第十七天，7.1，解决了token后生成函数对象的过程，分析出函数的作用域就是循环执行vm_run函数
第十八天，7.2，了解jmem的封装，发现默认不是使用堆而是栈。了解栈帧的结构，解决GC的引用计数type_flags_refs。基本流程摸通，源码解读方式改为解决问题
第十九天，7.3，确定代码字符匹配出token.type，然后token.type转为CBC和literal_pool。执行的时候再由CBC转为OC操作。运算符优先级这块比较复杂，1+2*3定位到VM_OC_GET_LITERAL_LITERAL和编译原理书本
第二十天，7.4，学习编译原理前三章，学会利用递归下降分析LL(1)将源码生成ast的流程。

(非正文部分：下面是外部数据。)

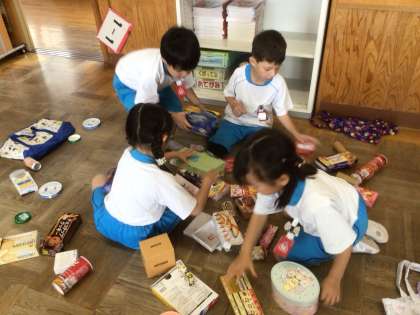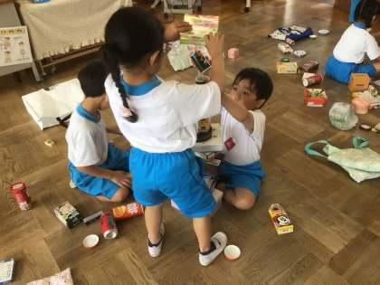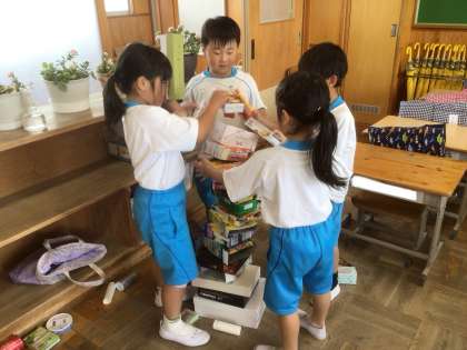 「いろいろなかたち」の学習です。箱や缶の特徴を考えて、グループで『つみつみ競争』をして楽しみました。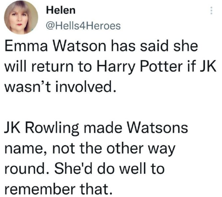 她先自我剖白。说尊重演员和自己持不同观点,而自己即便遭遇最严重的网暴时也从未想要指责艾玛,甚至拒绝谈及此事,想保护这群从小看着长大的孩子们。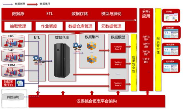 汉得根据多年ERP和数据分析项目实施经验,并结合汉得综合报表平台的功能定位,把企业报表分析应用类型分为四类,即 管理驾驶舱、自助分析、制式报表和打印报表。管理驾驶舱主要是面向中、高层,以汇总型图表为主,为分析、统计、预测等提供参考依据;自助分析主要是面向全体员工,为员工提供根据即时数据需求,查询获取企业数据的接口,无需技术人员参与;制式报表和打印报表主要是面向业务操作人员,以查询固定格式数据为主,为数据分析提供参考。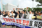 국제중학교 설립 주민대책위원회는 6일 서울시교육청 정문에서 '국제중학교 설립 찬성을 위한 기자회견'을 가졌다. 이날 참석자들은 서울시 교육위원들의 국제중 설립 동의를 촉구했다.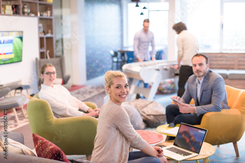 © .shock, Obraz premium Startup Business Team At A Meeting at modern office building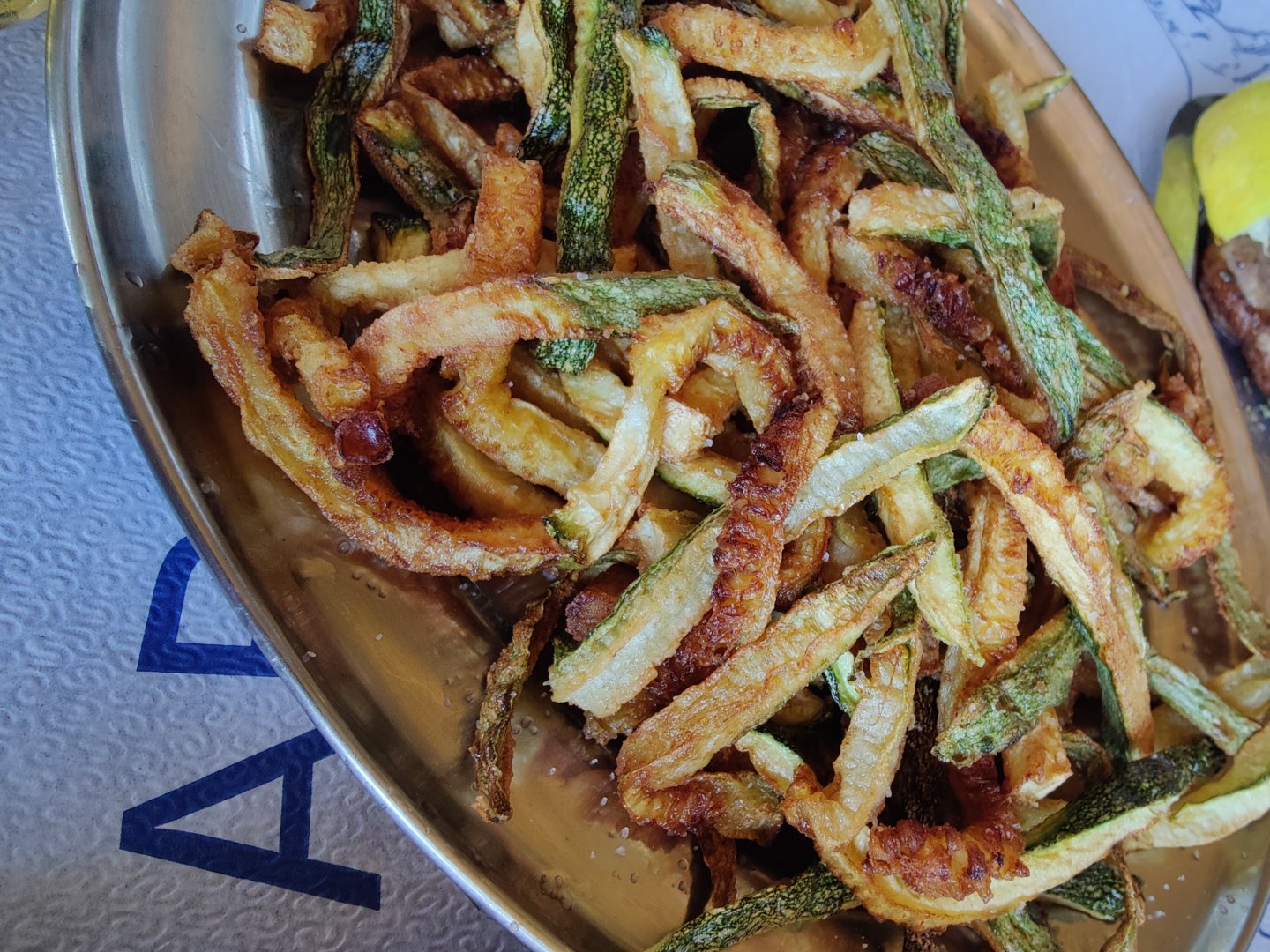 Χωριάτικη με τυρί της περιοχής. Κολοκυθάκια χωρίς κουρκούτι, γλύκισμα.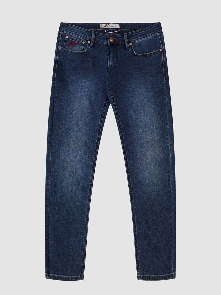The Mish Mash 1984 Outlander Tapered Fit Jeans in Blue/Black combine refined tailoring with everyday comfort. Featuring a regular rise and a slightly wider thigh that gracefully tapers from the knee to a 14.5-inch hem, these jeans sit just below the waist to create a modern, sophisticated silhouette suitable for any occasion.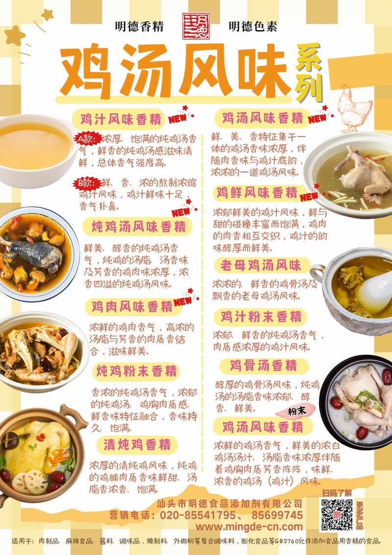 明德雞湯風味香精 濃郁鮮香 還原地道雞湯本味汕頭市明德食品添加劑有限公司的雞湯風味香精系列,涵蓋雞汁、雞湯、雞鮮風味、老母雞湯、雞肉風味、雞粉末、雞骨湯、清燉雞等多種品類。產品具備真實的雞肉鮮香、湯香、油香與骨香特征,能夠為醬料、調味品、肉制品、腌制料及復合調味料等B端應用提供穩定、濃郁的雞湯風味解決方案,幫助工廠快速打造風味醇厚、回味悠長的雞香產品。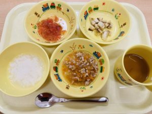 粥  鶏と野菜の煮物 トマト煮 バナナ

思考扁平化的cbc和literal如何在vm里面执行
第二十一天，7.5，休息一天
第二十二天，7.6，休息
第二十三天，7.7，解决等号和全等好判断问题，this_binding，new，now，undefined等问题。源码分析暂时中止。预计完成度50%。

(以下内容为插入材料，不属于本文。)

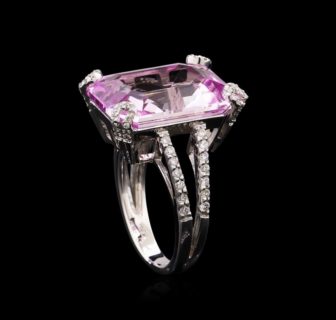 One electronically tested 18KT white gold lady's cast fashion ring with a split shank with a bright polish finish. The featured lady's ring has a shank measuring 2.92 millimeters wide. Identified with markings of "750". Condition is new, good workmanship. Containing: One prong set emerald step cut natural kunzite, measuring 18.10 x 13.96 x 7.90mm, 5%. bulge factor, approximate weight of 18.00ct., clarity is eye clean, type I, light, moderately strong, reddish purple color, (GIA rP 3/4), cut is very good. Transmitting light with no distortion, transparent. Colored gemstones are presumed to have been subjected to commonly used enhancement processes. Graded in the setting. Twenty-Eight prong set round brilliant cut diamonds, measuring 1.50 - 1.40 x 0.90mm (depth est.) approximate total weight of 28 Stones = 0.32ct. Graded in the setting. Clarity: SI-2 to I-1. Color: G - Good Fifty-Two prong set round brilliant cut diamonds, measuring 1.10 - 1.00 x 0.65mm (depth est.) approximate total weight of 52 Stones = 0.23ct. Graded in the setting. Clarity: SI-2 to I-1. Color: G - Good. Total Weight of Colored Stones 18.00ct. Total Weight of Diamonds 0.55ct. Total Weight of Ring 11.00gm. GAS Appraised at $8,575.00.
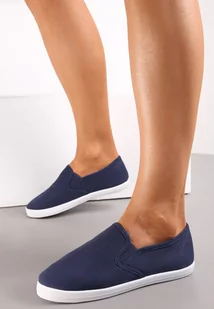Granatowe Materiałowe Tenisówki na Elastycznej Podeszwie Aishani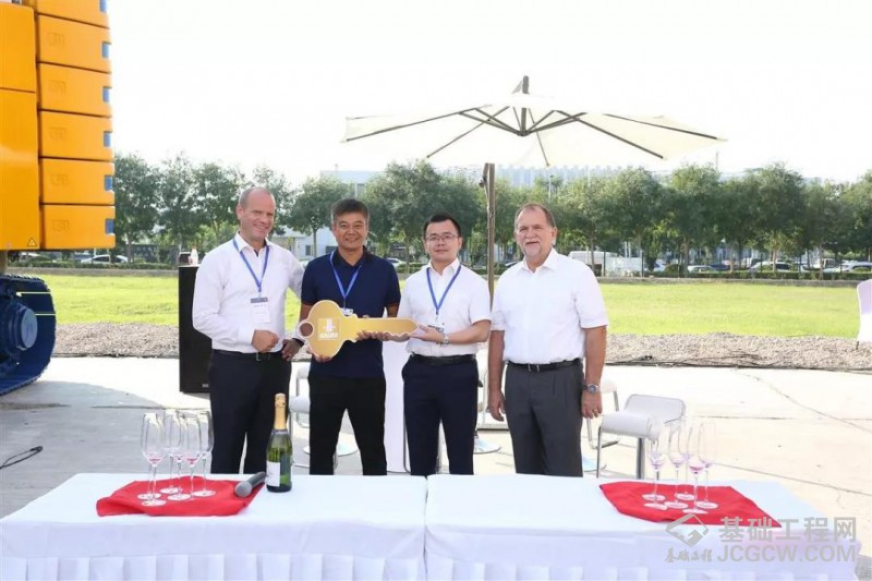 图为向购买CSM 35双轮铣深搅设备的江西秉信工程机械有限公司交付“钥匙”。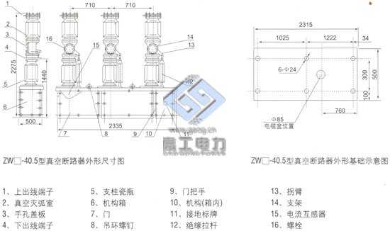 ZW7-40.5型系列户外高压真空断路器系三相交流50Hz,额定电压为40.5kV的户外高压电器。附装弹簧操动机构或电磁操动机构,可以远控电动分、合闸,也可就地手动储能手动分、合闸。设计性能符合GB1984-89《交流高压断路器》国家标准的要求,并满足IEC-56《高压交流断路器》国际电工委员会标准的要求。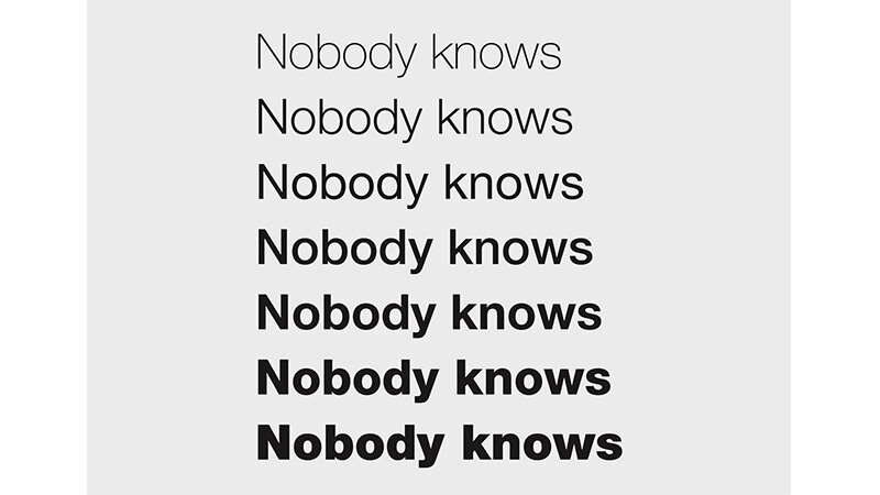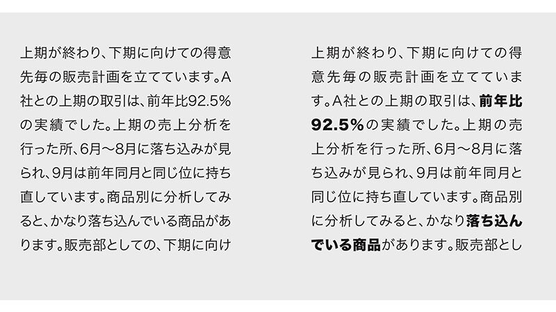文字でメリハリを出すには、太さが重要です。文字の線の太さを「ウエイト」と呼びます。和文書体でもウエイトのバリエーションを持つものが増えています

cisen · 2019-06-19T02:16:23Z

parser

上图显示了JerryScript的主要组件之间的交互：Parser和虚拟机（VM）。解析器将输入ECMAScript应用程序转换为具有指定格式的字节代码（有关详细信息，请参阅字节码和解析器页面）。准备好的字节码由执行解释的虚拟机执行（有关详细信息，请参阅虚拟机和ECMA页面）。

Parser

解析器实现为递归下降解析器。解析器将JavaScript源代码直接转换为字节码，而无需构建抽象语法树。解析器依赖于以下子组件。

lexer

词法分析器将输入字符串（ECMAScript程序）拆分为token序列。它不仅可以向前扫描输入字符串，还可以移动到任意位置。由./jerry-core/parser/js/js-lexer.h中的结构lexer_token_t描述的token结构。

scanner

扫描程序（./jerry-core/parser/js/js-parser-scanner.c）预扫描输入字符串以查找某些token。例如，扫描程序确定关键字是否定义了for或for-for循环。在while循环中读取tokens是不够的，因为斜杠（/）可以表示正则表达式的开始或者是除法运算符。

Expression Parser

表达式解析器负责解析JavaScript表达式。它在./jerry-core/parser/js/js-parser-expr.c中实现。

Statement Parser

JavaScript语句由此组件解析。它使用Expression解析器来解析组成表达式。 Statement解析器的实现位于./jerry-core/parser/js/js-parser-statm.c中。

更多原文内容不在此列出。